(DATA SECTION Opens)

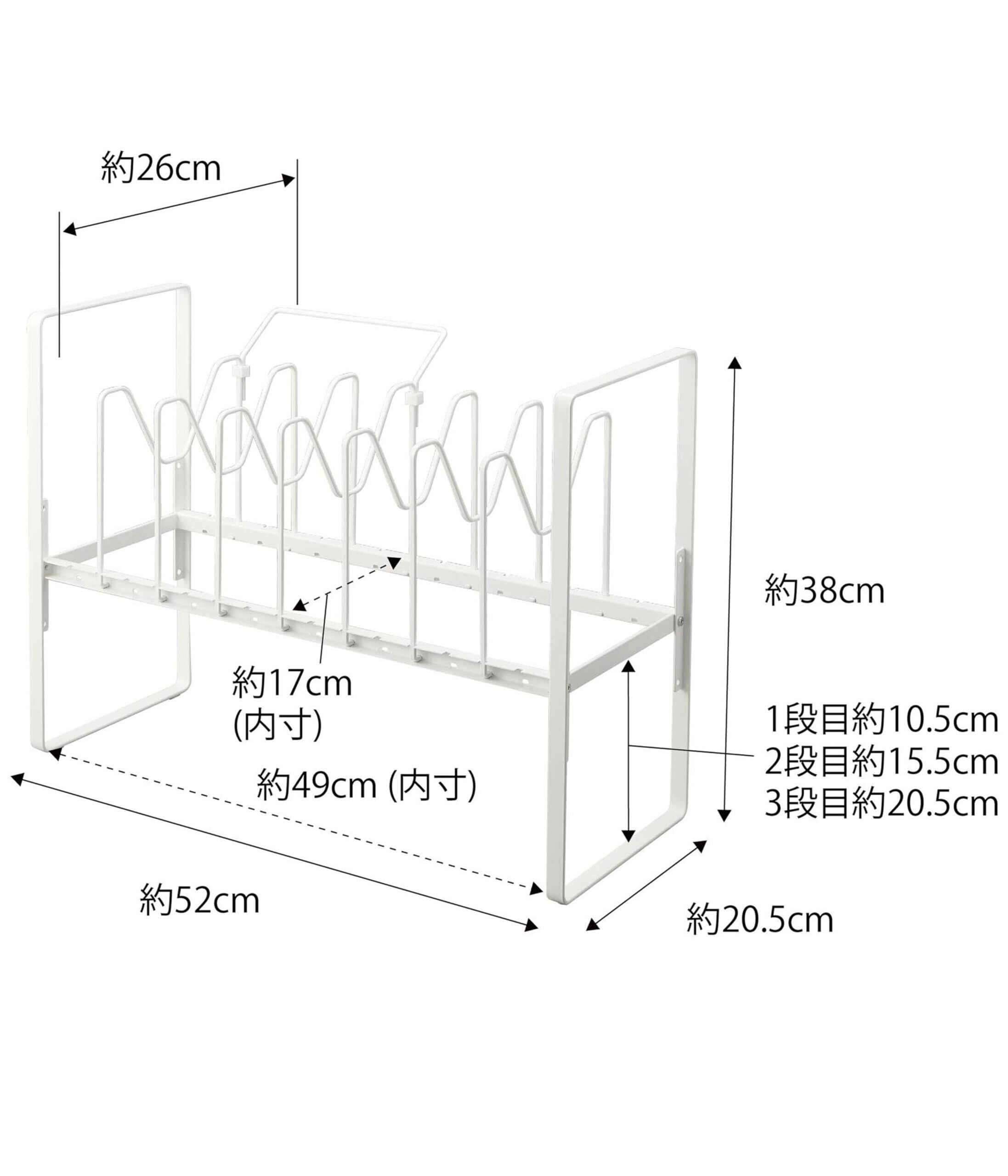 内寸サイズ:1ピッチ約2.5cm(仕切りパーツを含まず)※2ピッチ目から約3cmごとに拡がります。幅/約49cm、奥行/約17cm、下段高さ/1段目約10.5cm・2段目約15.5cm・3段目約20.5cm
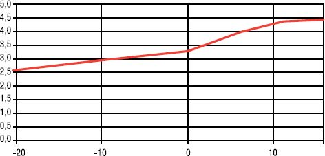 От инверторных VRF-систем на фреоне R410A, в силу их заведомого технического превосходства над обычными сплит-системами, следует ожидать более высокого коэффициента трансформации – не менее 2,5 при температуре наружного воздуха −20 °C (среднесезонный COP – более 3). Поэтому использование для теплоснабжения в условиях холодного климата данного типа оборудования более предпочтительно. График зависимости COP от температуры, характерный для VRF-систем, представлен на рис. 4.
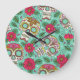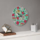Grande Horloge Ronde Crâne et fleurs mexicaines, sans soudure.
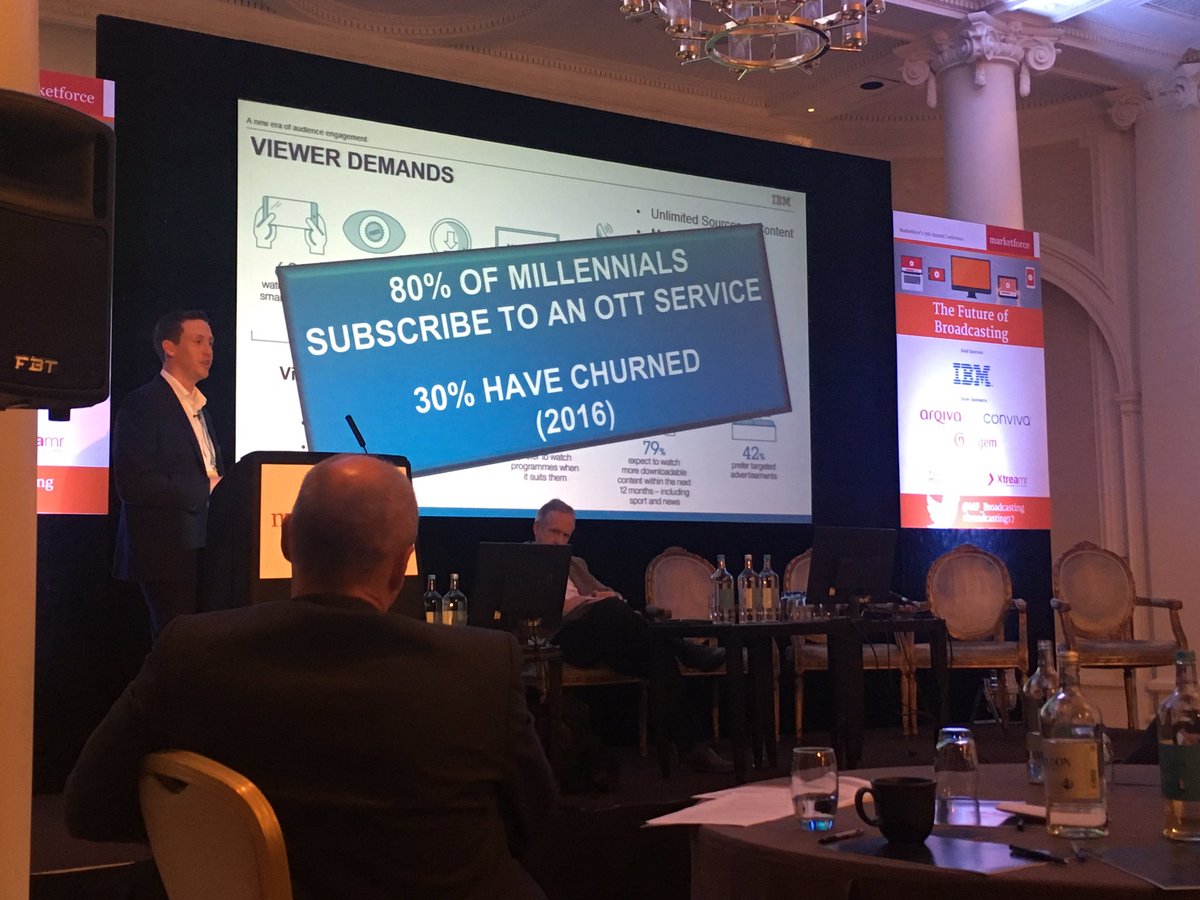 According to @RobHJackson, 80% of millennials subscribe to an #OTT service. 30% have churned. #broadcasting17https://twitter.com/MF_Broadcasting/status/879694544090091520 …

(DATA SECTION Closes)

EXERCISE AIM
With the pictures removed, return the full listing exactly as given.

SOLUTION BELOW
 内寸サイズ:1ピッチ約2.5cm(仕切りパーツを含まず)※2ピッチ目から約3cmごとに拡がります。幅/約49cm、奥行/約17cm、下段高さ/1段目約10.5cm・2段目約15.5cm・3段目約20.5cm
 От инверторных VRF-систем на фреоне R410A, в силу их заведомого технического превосходства над обычными сплит-системами, следует ожидать более высокого коэффициента трансформации – не менее 2,5 при температуре наружного воздуха −20 °C (среднесезонный COP – более 3). Поэтому использование для теплоснабжения в условиях холодного климата данного типа оборудования более предпочтительно. График зависимости COP от температуры, характерный для VRF-систем, представлен на рис. 4.
Grande Horloge Ronde Crâne et fleurs mexicaines, sans soudure.
 According to @RobHJackson, 80% of millennials subscribe to an #OTT service. 30% have churned. #broadcasting17https://twitter.com/MF_Broadcasting/status/879694544090091520 …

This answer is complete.